Records from a data source.

=== Section Start ===

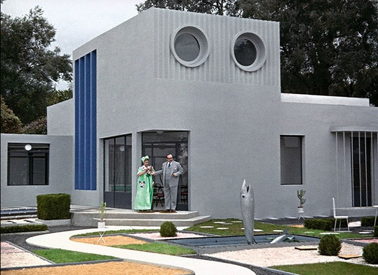 A casa moderna em Meu Tio (1958) não parece facilitar a vida de M. Hulot. Fonte: https://girlsdofilm.wordpress. com/2015/09/20/mon-oncle-m -hulot-is-puzzled-by-modernism/
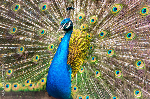 Obraz premium Male peacock with beautiful feathers close-up
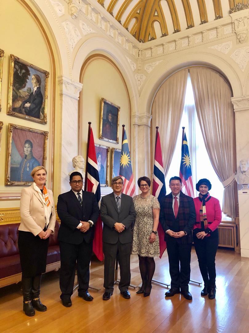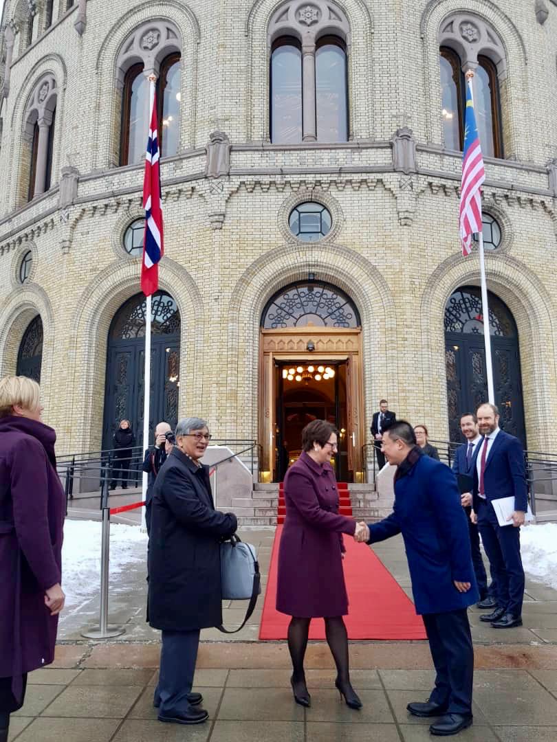 (奧斯陆 24日讯)北欧挪威政府对我国政府在去年改朝换代后落实一系列改革的措施与决心深表激赏并希望与我国进一步扩大合作与发展。国会下议院正副议长拿督莫哈末阿里夫及倪可敏今日在接到挪威政府邀请后在该国进行三天行程紧凑的工作访问,我国代表团在抵达挪威国会时受到该国国会议长威亷逊女士以铺红地毯的方式亲自隆重欢迎,大马国旗也在挪威高高升起,在场陪同的包括挪威驻马大使罗瑟、挪威国会秘书长及下议院秘书拿督罗斯米等。
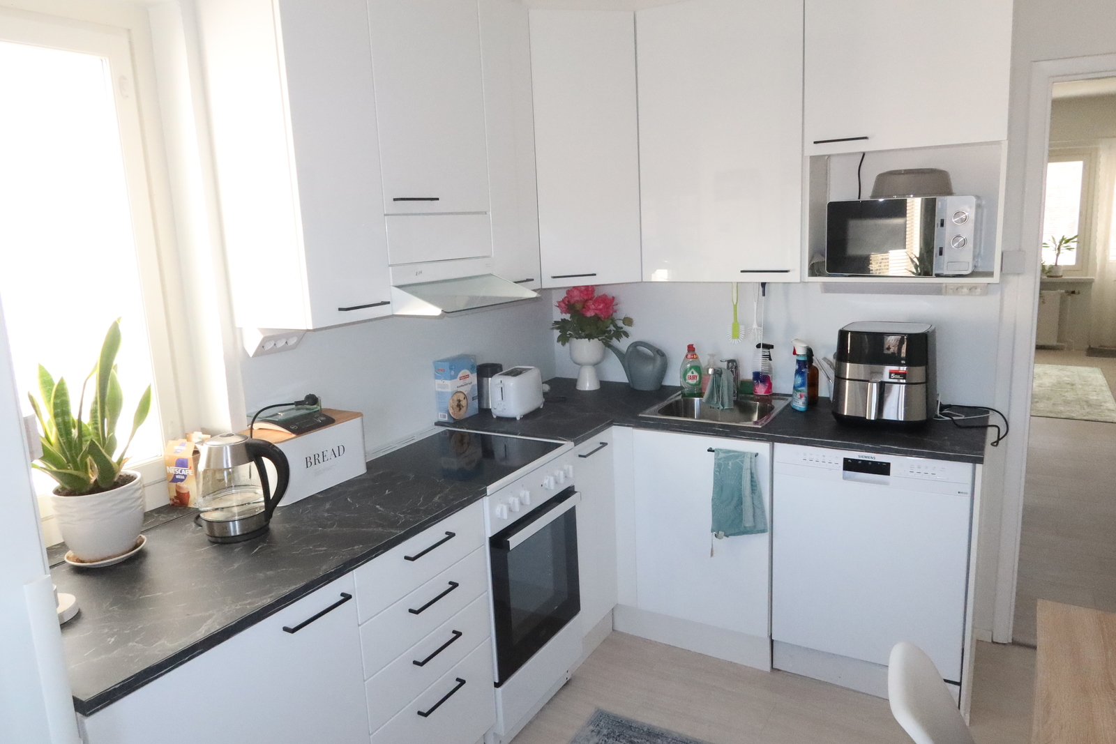 Lasitettu länsiparveke. Astianpesukone. Pesukone. Energialuokka D2018. Luottotiedot tarkistetaan.
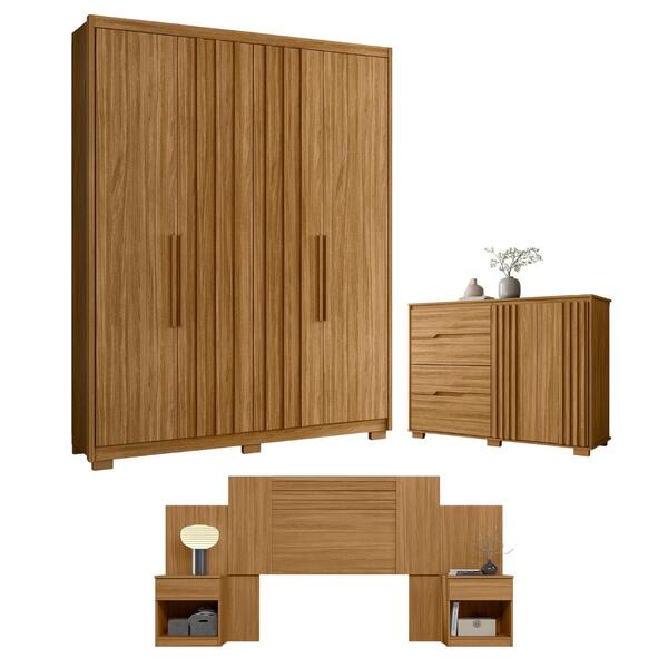 Este conjunto é perfeito para deixar seu quarto perfeito e organizado. o guarda roupa com 4 portas perfeitas para guardar e organizar suas roupas, caixas ou sapatos. a cômoda contém porta com acabamento ripado, possui quatro gavetas com espaço amplo.o conjunto de cabeceira ...
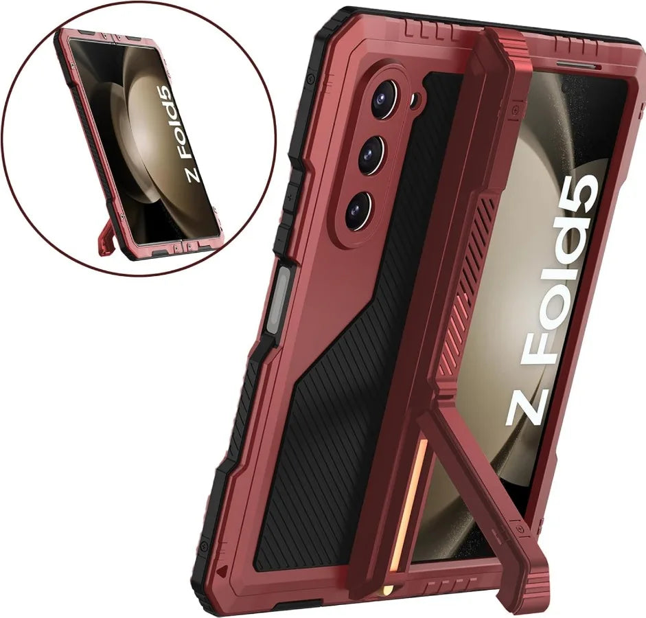 〖Military-Grade High Impact 360°Protection〗- Superior Hard Front and back Aluminum Metal frame + inner Soft Silicone Cushion materials absorb impacts on the front and back (eight screw fixation) -3 layers defender case provide up to 6 feet military-grade shock-absorption protection,prevent your Galaxy Z Fold 5/6 from accidental drops, bumps and scratches. Rugged to adapt to all harsh environments and non-slip touch feels.
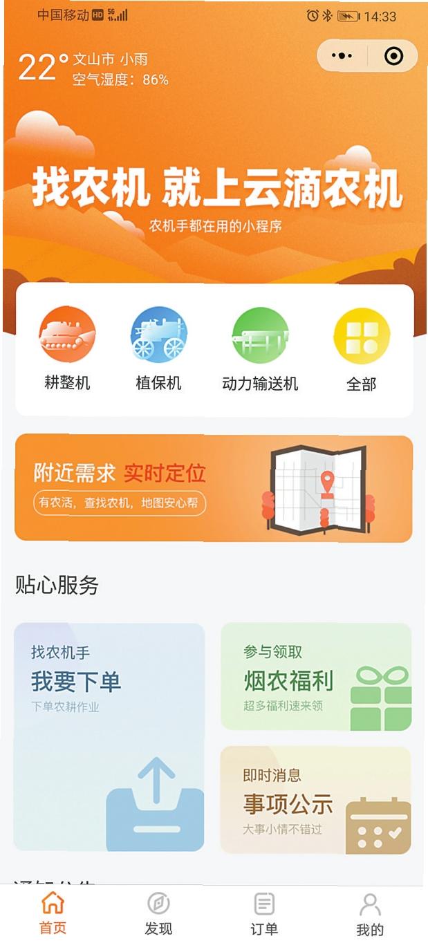 “云滴農(nóng)機(jī)”和“空中滇農(nóng)”是文山州局(公司)聯(lián)合北京航空航天大學(xué)云南創(chuàng)新研究院研發(fā)推廣的農(nóng)機(jī)機(jī)耕服務(wù)以及無(wú)人機(jī)植保服務(wù)微信小程序,通過(guò)移動(dòng)互聯(lián)網(wǎng)技術(shù)搭建起了煙農(nóng)與機(jī)耕手及無(wú)人機(jī)飛手的橋梁。
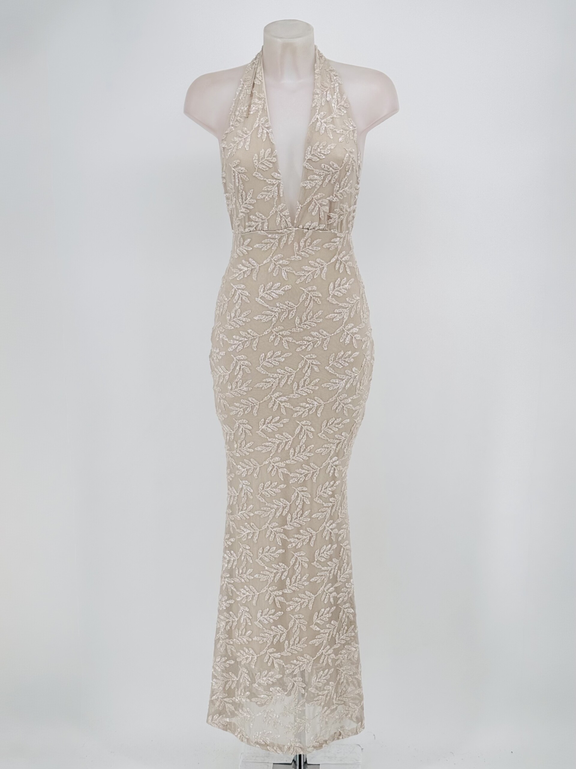 El diseño con lentejuelas y motivos florales aporta un brillo sutil y elegante que captura la luz de manera exquisita, otorgándote un acabado glamuroso que no pasa desapercibido. Las lentejuelas están cuidadosamente distribuidas para evitar la rigidez común en prendas de este tipo, lo que significa que disfrutarás de un vestido que brilla con gracia pero que también se mueve contigo con naturalidad. El detalle del cuello atado no solo añade un toque de delicadeza y feminidad, sino que también permite un ajuste personalizado, garantizando comodidad durante largas horas.
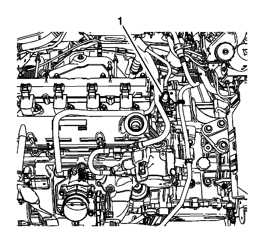 9. Disconnect the evaporative emission (EVAP) line quick connect fitting (1) from the EVAP purge solenoid. Refer to Plastic Collar Quick Connect Fitting Service Service and Repair.

=== Section End ===

Retype only the lines that run from the first line of the entries above to the line containing "Obraz premium Male", both included. Do not carry over any pictures.

Answer to this problem.
 A casa moderna em Meu Tio (1958) não parece facilitar a vida de M. Hulot. Fonte: https://girlsdofilm.wordpress. com/2015/09/20/mon-oncle-m -hulot-is-puzzled-by-modernism/
 Obraz premium Male peacock with beautiful feathers close-up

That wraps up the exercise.